I also used Linux for several years before I started to learn and use FreeBSD,
and sometimes I still use Linux, but only when I am payed to do so.

After several years with FreeBSD I even tried to move back to Linux, hearing
all these 'advertisements' how good it is on the desktop, how painful FreeBSD
is on the desktop etc.

So I used Ubuntu Linux for a whole year on the desktop/workstation without
using FreeBSD. My experiences with that quickly got me back to FreeBSD, let me
tell You why. First, hangs and crashes that was fixable only by reboot, the
sound mostly.

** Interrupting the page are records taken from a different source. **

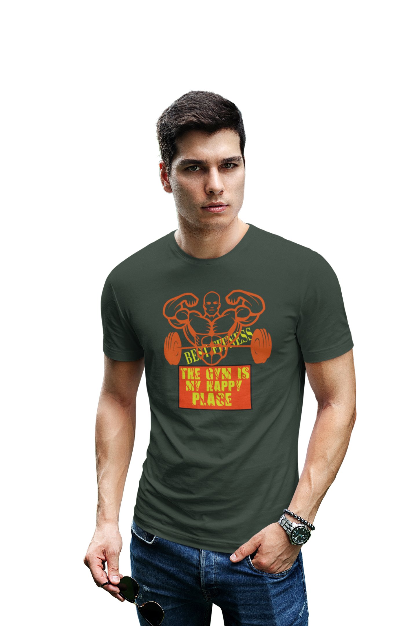 The Gym Is My Happy Place, (BG Orange), Round Neck Gym Tshirt - Foremost Gifting Material for Your Friends and Close Ones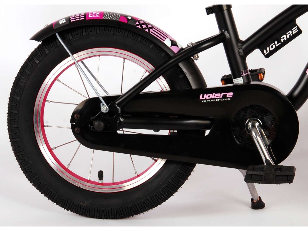 Vďaka 14-palcovému detskému bicyklu Volare Miracle je učenie bicyklovať sa potešením pre každé dieťa! Bezpečnosť na prvom mieste! Preto má tento skvelý bicykel uzavretý chránič reťaze . Bicykel má aj odrazky v pedáloch. Tento bicykel má zadnú pedálovú brzdu a ručnú brzdu. Tento krásny matný čierny Miracle má extra ľahký hliníkový rám, stojan, ktorý udrží váš bicykel na mieste a pohodlné mäkké sedadlo. Aby ste si bicykel užili čo najdlhšie, sedadlo a riadidlá sú výškovo nastaviteľné.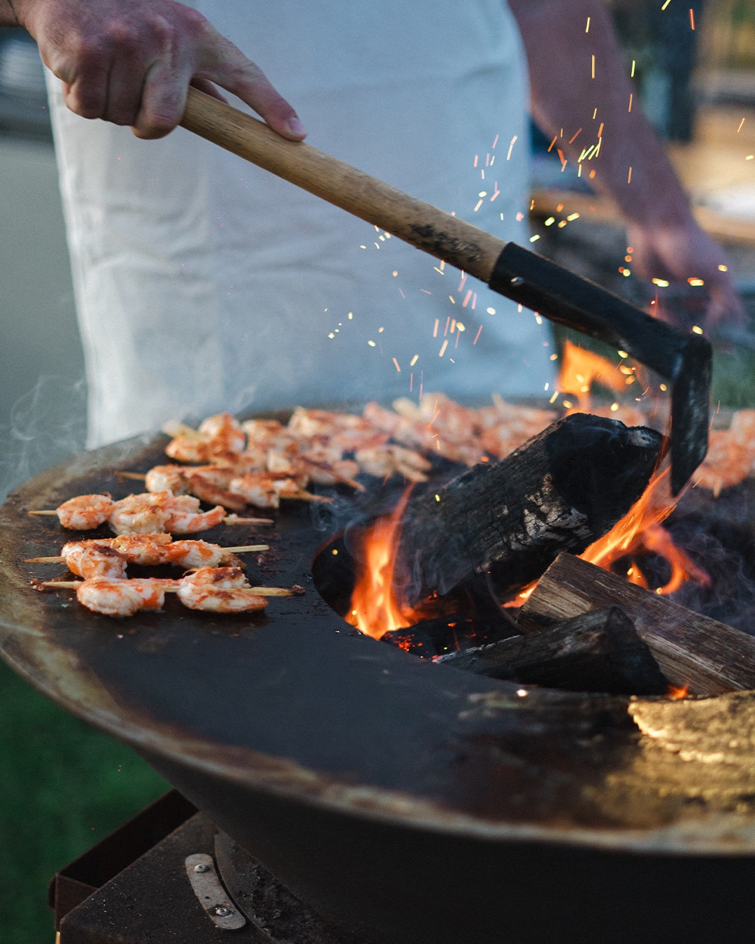 Notre brasero au feu de bois apporte chaleur, spectacle et gourmandise à vos événements.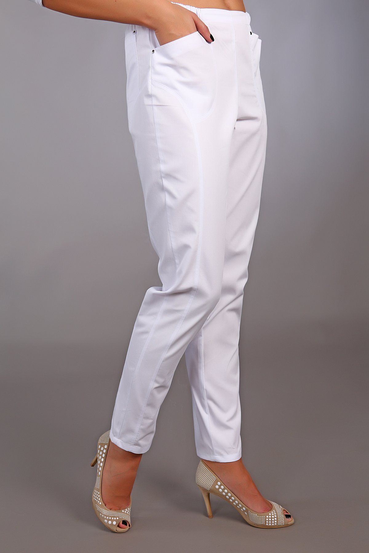 Медицинские зауженные женские брюки с карманами.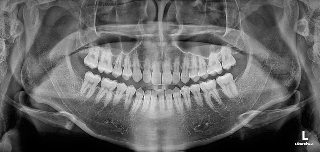 오른쪽 앞니 두번째 치아의 반대교합을 제외하면 치열이 거의 정상에 가깝습니다.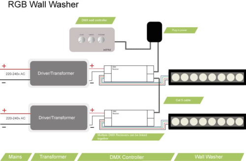 Our Power Driver 320 is essentially a ready-to-go installation kit. Once it’s in place, you’ll be able to control your lights via any DMX512 controller – this can be an simple-to-install, easy-to-use product like our wall controller (product details here), or you can use your own DMX controller from a laptop, or use a DMX desk, or one of many other options.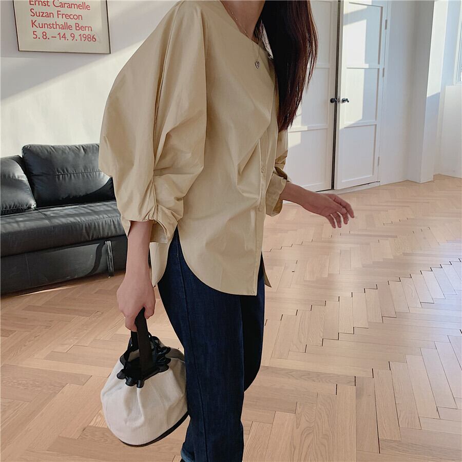 トップス シャツ レディース 7分袖 ラウンドネック 前開き ボタン フィッシュテール ミディアム丈 かわいい 大人可愛い きれいめ シンプル 上品 おしゃれ かっこいい カジュアル こなれ感 個性的 主役級 存在感 抜け感 オールシーズン ベーシック ナチュラル クール フォーマル 無地 女性用 ママ マタニティ OL 通勤 オフィス 学生 通学 デート お出かけ お泊まり 女子会 旅行 休日 アウトドア カフェ ショッピング コンパ レストラン 普段使い デイリー 着回し レイヤード 重ね着 M L

I did not turned of that workstation, as that was not needed, so
every 2-4 days I was forced to do the reboot just to have the sound back. No
matter if I used that sound (play music) during that 2-4 days or the machine
just stayed idle, it hanged anyway. Reloading the ALSA modules did not help.
Maybe it was a bug, but I always was 'up-to-date' and ALSA and the kernel were
upgraded many time, even two time to the 'next big release'.

The other 'awful' thing is the updates. They work the same way like in
Windows, for 9/10 times, they fix things, but on the 10/10 You end up with
totally broken system that even can not boot, and like with Windows: "With
minor problems reboot, with major problem reinstall."

That never happened to me on the FreeBSD land every upgrade/update of the
FreeBSD's base system succeed.

There are other distributions You say ... yes there are, but which ones? Linux
Mint is basically the same as Ubuntu, but with different default GUI and with
some more codecs loaded in by default. I also have an allergy to anything that
Lennart did, so for example Arch Linux is dead for me because it uses systemd
and pulseaudio. Fedora 'the Lennux'? No thanks.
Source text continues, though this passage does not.